Here’s where good listening skills can really pay off. Practice listening to each other openly and empathetically. I suggest following the Harville Hendrix mirroring method, which begins with each of you playing back exactly what the other said. Then validate the other person’s comment, noting what makes sense about it from his or her perspective. Last, empathize (“I imagine you might also be feeling…”). If you both become familiar with this process and learn to enter deeply into each other’s world, you’ll be able to negotiate more effectively when you and your partner have different ideas about a decision or direction for the firm. The result should be a win-win solution that works for you both.
The Right Staff
For a sole practitioner, sharing control with a peer may seem far easier than being responsible for the productivity, development, and compensation of employees. How can you maximize your strengths and minimize your flaws as a boss?

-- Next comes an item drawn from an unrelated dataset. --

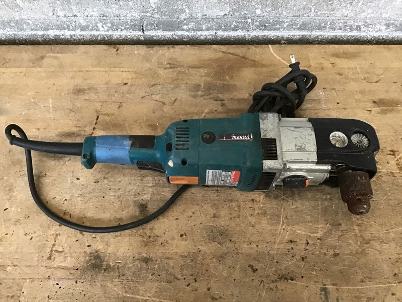 Makita DA4031 right angle 1/2 inch drill with two-speed heavy duty 10 amp motor. Motor runs fine. Unit does not include detachable handles or a chuck key.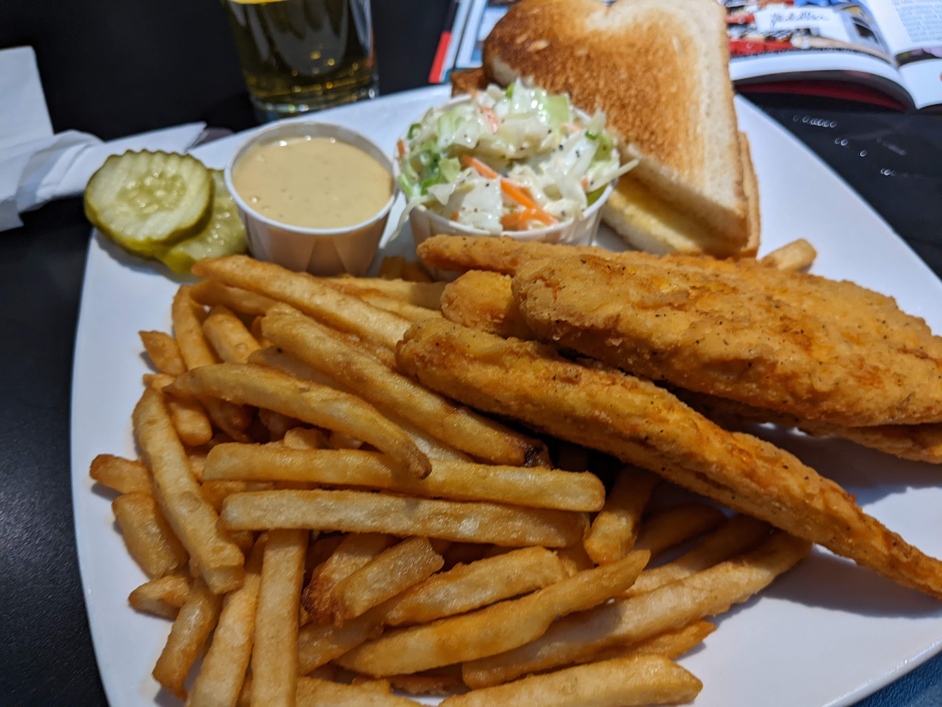 Then came the meals themselves. Good news first – the BLT and fries was pretty darn good. Nicely toasted bread, a good balance of meat to veggies and the right amount of mayo, but friends… these are NOT chicken strips! These are chickie nuggies at best and the thing I always fear when I roll the dice on ordering chicken at a bar. I guess I expect for $13.50 that there will be actual strips of chicken tenders. Juicy and meaty…the kind I can peel the breading off of (my favorite way to eat chicken) first and then dunk the meat into the sauce. But no – these are sad and spongey affairs and frankly sucked. The coleslaw was GREAT, so you should definitely get that, and I always love a beer-battered fry.

The first step is to manage expectations. In other words, know precisely what you want the prospective employee to do. Handle recordkeeping and compliance? Respond to client questions and concerns? Initiate contact with clients? Find new clients? How will his or her responsibilities intersect with yours (and those of anyone else in the firm)? What professional skills will be required?
When you find a candidate with an appropriate skill set, the second step is to make sure he or she has the qualities you want in a member of your “work family.” If you’ve developed a mission statement and goals for your business, share them with people you are thinking seriously of hiring. Talk about your company’s values and ask about their own. You want to be clear on what motivates them, what they feel committed to, and whether they can get on board with your mission.
The importance of this preliminary research can’t be overstated. If you enjoy your business, clearly you’ve created a work culture that works for you. Hiring the right people will help you sustain the elements of it that you value most.